疲れが抜けませんが、それもしょうがないかな~……

地下室から出た2人。

「何処?」

「安藤が30歳だな」

「う〜ん、10年くらい経ったか?」

「そんなとこだな」

何気ない話をしながら、守人と剛は歩いて行った。

着いた先はとある工場、それなりに大きな工場である。

「現在もここで働いてる」

「ここか~……なかなかいい所だな?」

「給料もいいし、確かに悪くはない。安定した職場だし、取引先も大手だしな」

「……安藤、何が問題なんだ?」

「そうだな~……本日に大きな損失を出すんだが~……安藤のせいになるんだよな~……それで、何もかもが信じられなくなって、ついでに自信もなくなって……」

「挙げ句に奥さんも信用出来ないってか?」

「その通りだな」

「……情けないな?」

「まぁな……しかし、本人は至って真面目だ」

「……で、どうすんの?」

「大丈夫、用意はばっちりさ。さて、中に行くぞ」

「おう、もうびっくりしないぞ」

「それはつまらんな」

「……お前、そういうとこは直せよな」

「や~だよ!」

楽しそうな会話をしながら、2人は工場に入って行った。


工場の入り口で呼び止められる。

「私、労働基準局から来ました成瀬(なるせ)幸信(ゆきのぶ)と申します。中を拝見したいのですが」

守人は名刺を出し、受付に話をする。労働局という事で、すぐに部長がやって来て中を案内する事となった。

「守人、成瀬って何だよ?」

「今、休んでる労働局の人間。流石に架空の人物じゃ、ここは通り抜けられん」

「な~るほど……結構考えてんのな?」

「当たり前だ!」

2人は部長に聞こえない様に、そんな話をしていた。


工場の案内を受けている最中、事は起こった。

「部長、大変です」

「どうした?」

「請け負ってた部品に不具合が発生して……」

「……納品は?」

「した物からも……」

「……すぐに確認しよう」

部長は守人と剛の存在を忘れ、工場のラインへ向かう。

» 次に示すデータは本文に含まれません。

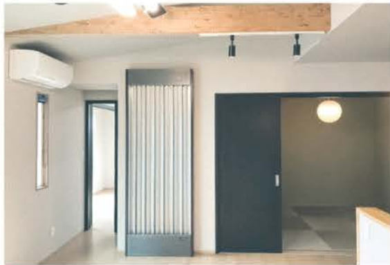
■ 輻射(ふくしゃ)式冷暖房システム「ecowin(エコウィン)」
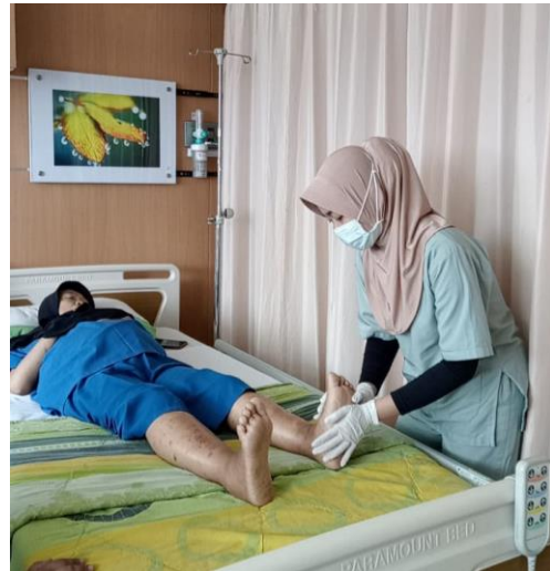
Pelaksanaan Intervensi Ankle Pumping Exercise Hari ke-1 di Ruang Platinum 3 RS Lavalette pada 30 April 2025
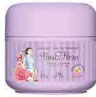
14888 DESODORANTE CREME ALMA DE FLORES BAUNILHA | 1X55GR 7891134003967
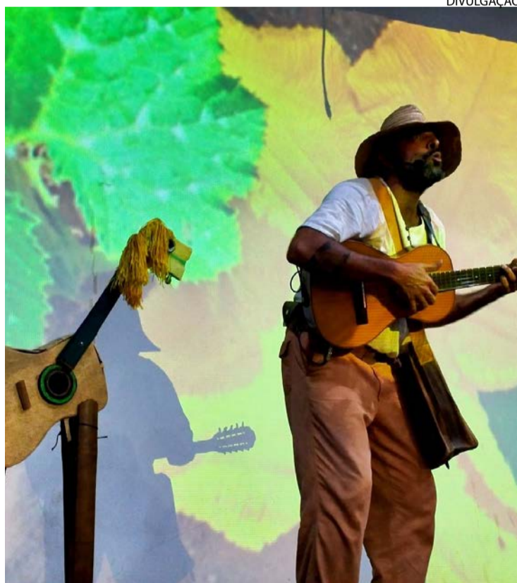
Narrativa acompanha violeiro que percorre Cerrado
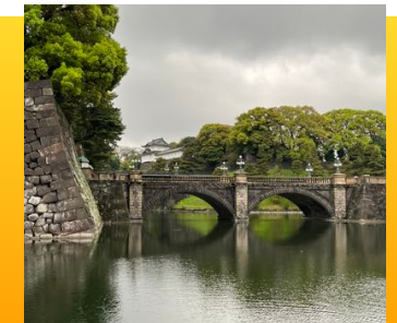
皇居二重橋 曇り空に涼として気高く、澄み渡った空気に心洗われました。

最新の治療を知るため、良い治療を患者さんに提供し続けるために例年東京に勉強に行っています。コロナ禍の2年間は東京は自粛していましたが、先日非常に良い治療を提供している歯科医院を見学してきました。おかげさまでにし歯科医院は開成の歯科医院として可愛がっていただいていますので、コロナが収束が期待される今、改めて患者の皆さんに良い治療を提供して、喜んでいただきたいと考えています。皇居のお堀をプラタモリして、私は心に誓ったのでした。

守人と剛は知らない振りをしながら、その後を付いて行った。

「不具合とは何だね?」

「こっちの部品ですが、閉まらないんです」

「……これは……燃費に大きく影響するな……」

「これ、まずいっすよね?」

「……試作品の時は、こんな事はなかった筈だが?」

「……多分ですけど、安藤さんが……」

「俺もそう思います。安藤さんが、治具をいじって」

「いや、私はそんな事はしていない」

「「「俺達も見てました!」」」

「そんな……」

「安藤君、話は後で……」

「防犯カメラ見れば?」

「何か分かるかもね」

守人と剛の言葉に、部長を始めとする全員がそちらを見た。

「証拠も無いのに疑うとは……」

「これで処罰なら、しっかりと監査を入れないとね」

労働局の人間の言葉とあり、部長はすぐに事務所に向かった。勿論、守人も剛も一緒である。

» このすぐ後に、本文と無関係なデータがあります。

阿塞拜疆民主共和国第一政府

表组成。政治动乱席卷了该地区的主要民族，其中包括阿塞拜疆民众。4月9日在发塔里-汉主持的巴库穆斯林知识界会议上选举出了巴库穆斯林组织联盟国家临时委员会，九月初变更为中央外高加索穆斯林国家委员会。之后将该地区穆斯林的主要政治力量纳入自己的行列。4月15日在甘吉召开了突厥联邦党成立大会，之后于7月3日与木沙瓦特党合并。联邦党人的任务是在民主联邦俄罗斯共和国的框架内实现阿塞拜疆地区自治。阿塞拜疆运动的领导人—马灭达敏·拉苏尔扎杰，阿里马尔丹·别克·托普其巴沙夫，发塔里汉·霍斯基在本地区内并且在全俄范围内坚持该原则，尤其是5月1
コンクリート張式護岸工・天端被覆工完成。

事務所にて防犯カメラの映像を確認した。遡る事一週間前、就業時間後に1人の男が安藤が担当している所の治具をいじっている。明らかに安藤ではない。

「これ、安藤さんを疑ってた人じゃないですか?」

「もしかして、常日頃から安藤さん……」

「……すぐに事実確認をします。必ず解決します」

部長は守人と剛に深々と頭を下げ、事務所から出て行った。守人と剛は工場の中をぶらっと見学し、そのまま工場から出て行った。


その日、安藤の居る工場は一旦ラインを停止した。不具合を直す事もあったのだが、残りは安藤のラインの事を聞く為である。

結果、安藤が美人な奥さんを貰った事と仕事をそつなくこなす事が面白くなく、安藤を覗くラインの人間が安藤を陥れ様としていた事が発覚した。

「安藤君、本当に申し訳ない」

部長は安藤に深々と頭を下げた。

ちなみにだが、安藤を陥れ様とした人達は全員がその工場から飛ばされるか、自身で退職届を書いて辞めて行った。


守人と剛、少し晴れやかな表情で歩いていた。

「後は、どうすんだ?」

「どうするも何も……安藤がどうするかさ」

「確かに、安藤自身の問題だもんな?」

「オフコース!分かって来たね?」

「当たり前だろ?……所でだが」

「どうした?」

「少し寄り道をしたい!」

「……スロットだろ?」

「分かってるじゃないか!そうなんだよ!!この時代のスロットは、そりゃあ夢があって……」

「……どんな夢だよ?」

「万枚が出るんだ!」

「……出ない事のが多いだろ?」

「そこはさ~、この天に愛されてる男がさ~……」

「誰が愛されてるって?」

「俺だよ、俺!」

「……勝率は?」

「少~し負け越し!」

「……愛されてないと思うぞ」

「い~や、俺は愛されてんだ!」

「……根拠の無い自信……何処から来るのやら……」

「とりあえずだ!兎に角行くぞ!」

「……どうせ、ダメって言っても行くんだろ?」

「そりゃあ……その通りだな!」

「……これだもんな~……」

守人は剛に引っ張られる様に、パチンコ屋に連れて行かれた。

パチンコ屋に着いた2人、意気揚々と入って行く剛と項垂れた様に歩く守人、正反対で面白い。隣同士で座り、いざ勝負となった。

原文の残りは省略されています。